Not enough people know this fact, thinks Linnéa Sjögren and sees it as a challenge for those who, like her, want our seaweed consumption to increase. The danger aspect which sometimes is linked to seaweed must go if the general public is to understand the future potential for this product as a raw material in cooking, she says. 

“To achieve a change like this we need state-funded lab testing of different types of seaweed during different seasons. This is something individual businesses cannot afford. Scientific results must then be spread beyond research reports through popular science if the negative attitudes to seaweed are to be changed.”

New trade association

Like for all other business owners, profit is important for ecopreneurs like Linnéa Sjögren too. To make the company profitable, Catxalot had to stop providing seaweed to restaurants and shops since Linnéa Sjögren now runs the company on her own. You need economies of scale in order to make a business like this profitable, she says, pointing out how seaweed farms have a different capacity than seaweed companies gathering wild seaweed by hand. 

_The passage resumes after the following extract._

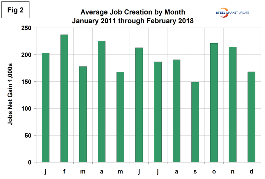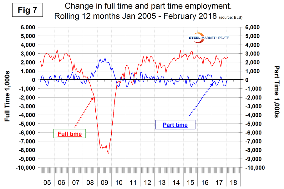 In February, service industries expanded by 213,000 as goods-producing industries, driven mainly by construction and manufacturing, expanded by 100,000. This continues to be good news for steel demand as both steel consuming sectors have done well in the last seven months, during which time construction has added 239,000 and manufacturing 190,000 jobs. Since February 2010, service industries have added 15,571,000 and goods-producing 2,873,000 positions. This is part of the reason why wage growth has been slow since the recession as service industries on average pay less than goods-producing industries such as manufacturing.
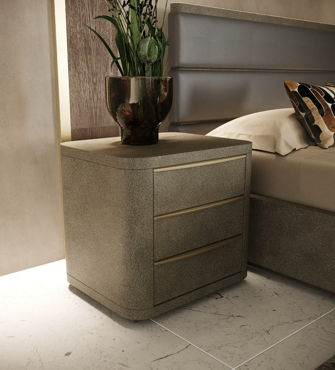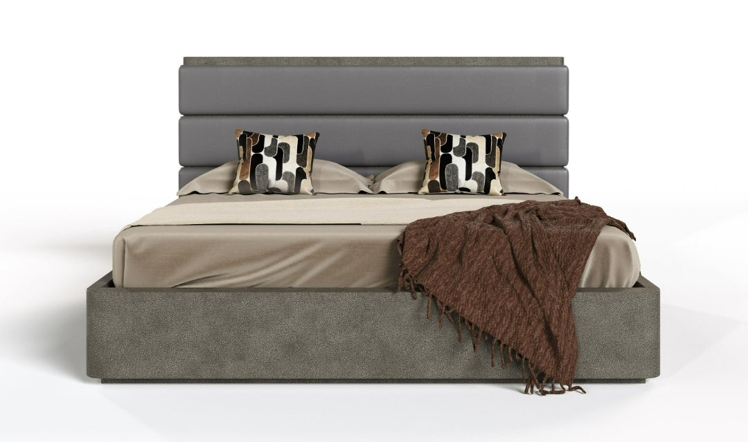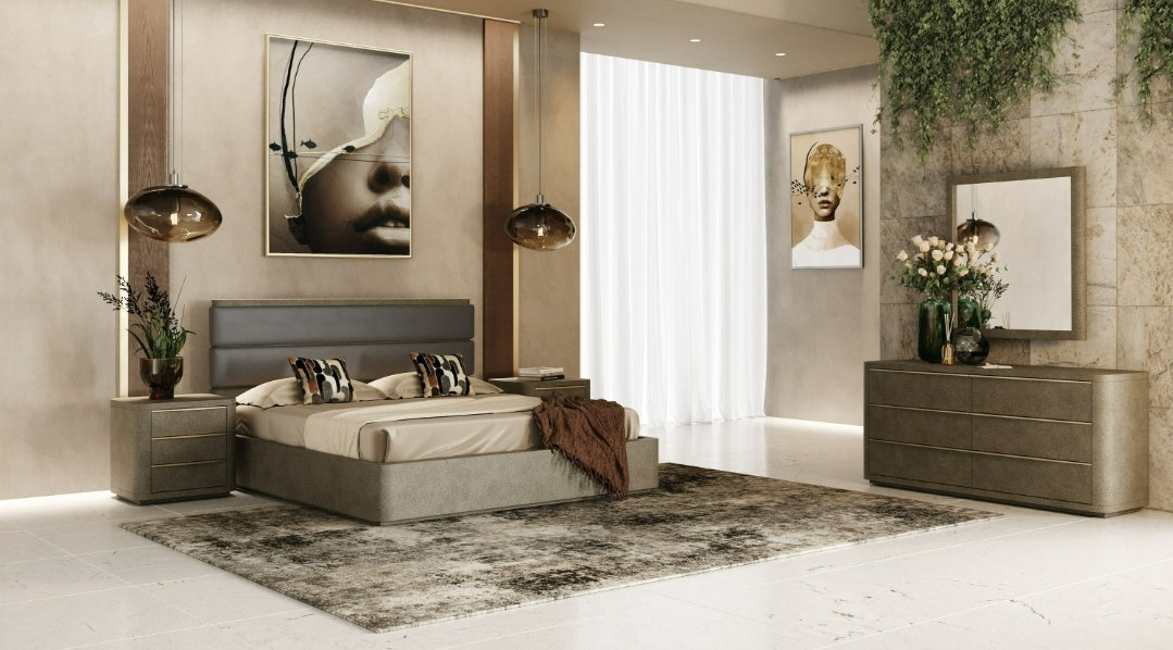 Modern Grey Leather & Beige Shagreen Bedroom Set

“Here in Sweden, we have only three seaweed farms, while Norway has many more. This is because Swedish rules for setting up farms are complicated.”

In order to help Swedish authorities with knowledge and experience from their aquaculture business and to protect their own interests, the trade association Svensk vattenbruk och sjömat (Swedish aquaculture and seafood) was established late last year.    

“We are the voice of the trade and can provide views on government reports in order to simplify the rules while also making it easier for those of us who want to operate a sustainable business,” says Linnéa Sjögren, who is the association’s secretary, before pulling on her wading trousers and walking out to the group in the water. 

With a gentle hand

The group in the water in Grebbestad have now brought out their scissors. Since the seaweed in Sweden is part of the public right of access, it is possible for the safari participants to harvest small quantities to take home. They have already been taught how to do it.

“Catxalot’s mission has from the start been to safeguard the regrowth of seaweed through showing how to pick it in a sustainable manner. How much and which part you can take and never to yank a plant off the seabed,” says Linnéa Sjögren. 

A seaweed book in the making

Now she gets out of her wading trousers and heads for her desk to write the last paragraphs of her first book about seaweed. Karolina Martinson is contributing with recipes. It is due to be published this autumn by Natur & Kultur. According to the author, one chapter might be controversial since it is about nutritional content linked to results from research.

“I am prepared for a debate. The research I write about in the book might be seen to be far too good to be true,” says Linnéa Sjögren and makes her way across the cliffs. 

The book can be read by those who want to learn more about seaweed and who might want to work in a professional capacity with this maritime raw material in order to create their own products or events, and thereby create more jobs.

More seaweed interest

Several actors have been focusing on seaweed lately. There is for instance the Danish-Swedish Interreg project Greater Bio, financed by the European Regional Development Fund with the aim of developing a sustainable bioeconomy both in terms of resource use and energy production in the Greater Copenhagen area.   

The Swedish municipality of Trelleborg is taking part in the project by trying to find a solution to how the stinking seaweed on the beaches of the south coast of Skåne can become an economic resource by transforming it into a sustainable product. 

There are also other research projects in the Nordics that are looking at seaweed’s potential.